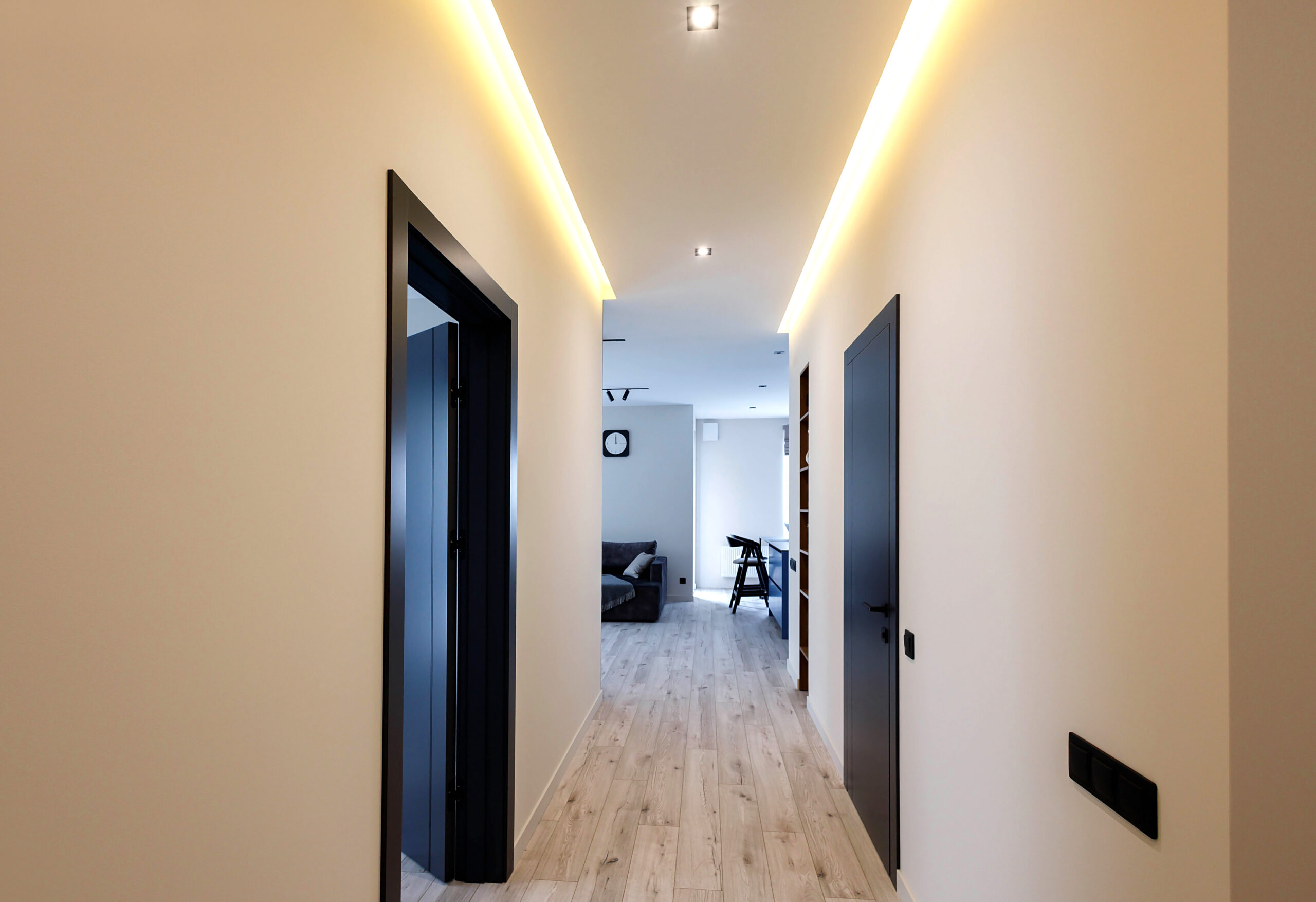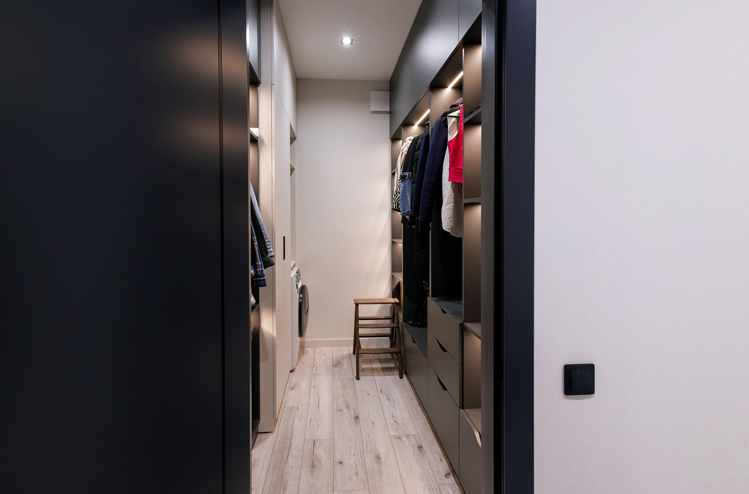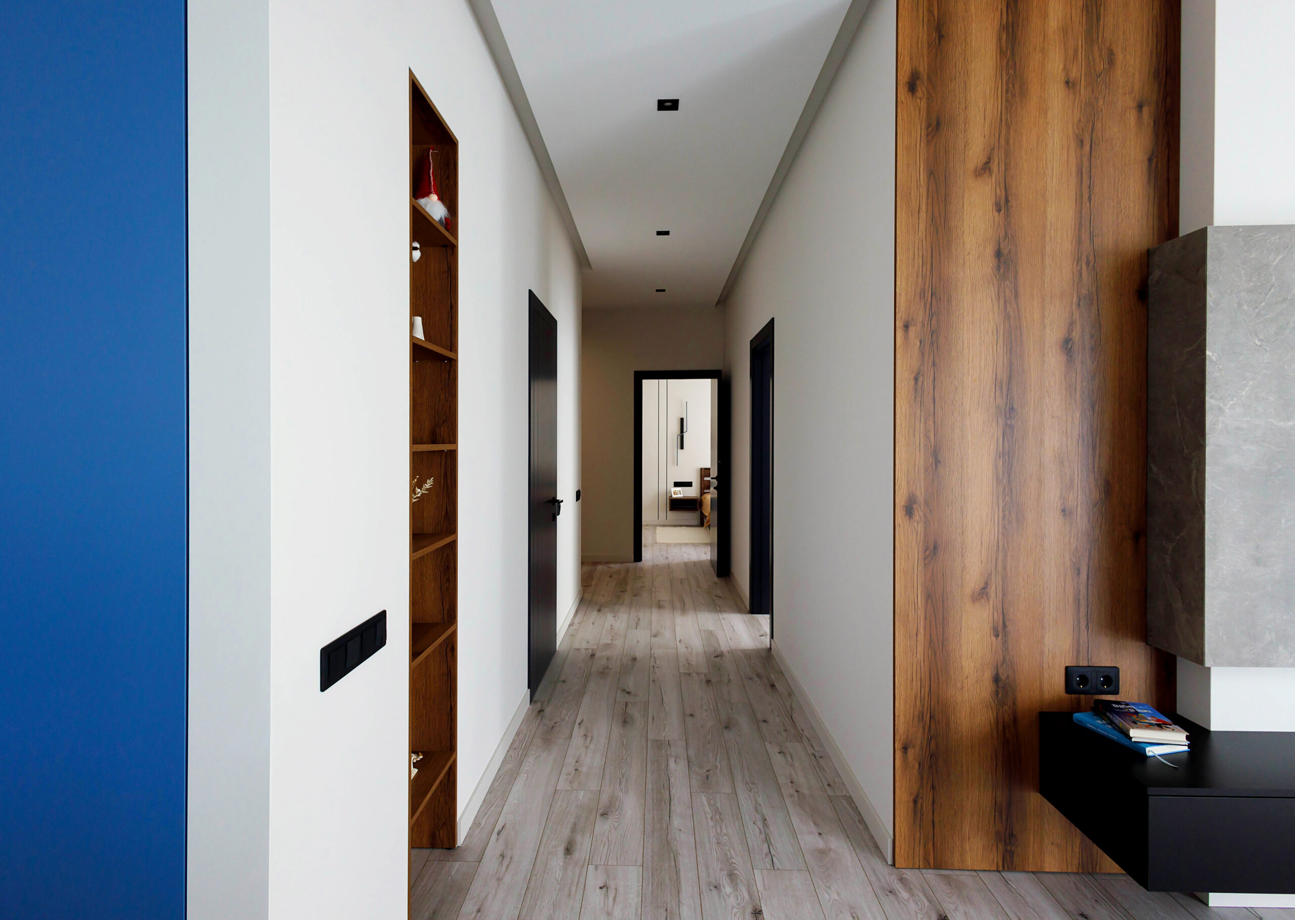 Передпокій оформлено світлими тонами з акцентною темною стіною та вбудованими нішами з м’яким підсвічуванням. Дерев’яні елементи та функціональна система зберігання роблять зону входу практичною та естетичною.
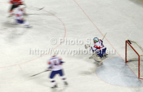 Ljubljana ,Slovenia - 21.04.2012 : Goalie Robert Kristan (no.30) of Slovenia in action during match of IIHF Ice hockey World championship Division 1 Group A between Slovenia and Austria. Match between Slovenia and Austria of IIHF Ice hockey World championship Division 1 Group A was held in Stozice Arena in Ljubljana, Slovenia, on Saturday, 21st of April 2012. Photo by: Primoz Jeroncic
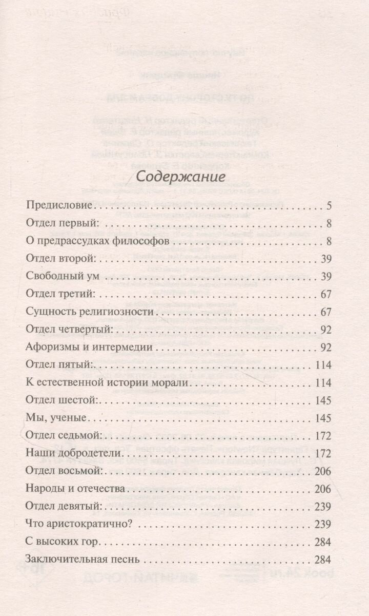 "По ту сторону добра и зла". У меня лично (возможно, что не только у меня) само взросление началось с того, когда я перестал все вещи, поступки, и происходящие в жизни события делить строго на Добро и Зло. Всегда есть что то "по ту сторону..." Поэтому когда я наткнулся на филосовскую одноименную работу от Ницше, то я просто не смог пройти мимо. Заказал, получил, прочёл, теперь делюсь. Да, написано не самыми лёгкими и простыми словами. Некоторые части и тезисы приходилось перечитывать не по одному разу, чтобы понять, уловить мысль автора. Что то понималось легче, что то (скажу честно) понять так и не удалось, либо до сих пор имею сомнения в своей верности трактовки мысли автора. С чем то согласен, с чем то нет (например про то же самое отношение к женщине кажется мне слишком уж прямолобым и избитым). Тем не менее Ницше - признаный гений философской мысли, ни разу не пожалел времени на чтение этой книги.
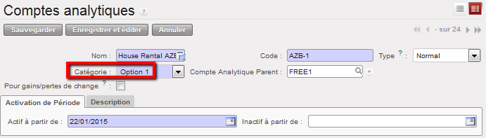 Complétez la fiche. Assurez-vous que la Catégorie soit définie comme Option 1 et le Type comme Normal. Le compte doit être associé au compte analytique parent OPTION 1.
────
• [WORK INSTRUCTIONS]: Take the preceding listing and transcribe it exactly, skipping the pictures.

• [SOLUTION BELOW]:
 Передпокій оформлено світлими тонами з акцентною темною стіною та вбудованими нішами з м’яким підсвічуванням. Дерев’яні елементи та функціональна система зберігання роблять зону входу практичною та естетичною.
 Ljubljana ,Slovenia - 21.04.2012 : Goalie Robert Kristan (no.30) of Slovenia in action during match of IIHF Ice hockey World championship Division 1 Group A between Slovenia and Austria. Match between Slovenia and Austria of IIHF Ice hockey World championship Division 1 Group A was held in Stozice Arena in Ljubljana, Slovenia, on Saturday, 21st of April 2012. Photo by: Primoz Jeroncic
 "По ту сторону добра и зла". У меня лично (возможно, что не только у меня) само взросление началось с того, когда я перестал все вещи, поступки, и происходящие в жизни события делить строго на Добро и Зло. Всегда есть что то "по ту сторону..." Поэтому когда я наткнулся на филосовскую одноименную работу от Ницше, то я просто не смог пройти мимо. Заказал, получил, прочёл, теперь делюсь. Да, написано не самыми лёгкими и простыми словами. Некоторые части и тезисы приходилось перечитывать не по одному разу, чтобы понять, уловить мысль автора. Что то понималось легче, что то (скажу честно) понять так и не удалось, либо до сих пор имею сомнения в своей верности трактовки мысли автора. С чем то согласен, с чем то нет (например про то же самое отношение к женщине кажется мне слишком уж прямолобым и избитым). Тем не менее Ницше - признаный гений философской мысли, ни разу не пожалел времени на чтение этой книги.
 Complétez la fiche. Assurez-vous que la Catégorie soit définie comme Option 1 et le Type comme Normal. Le compte doit être associé au compte analytique parent OPTION 1.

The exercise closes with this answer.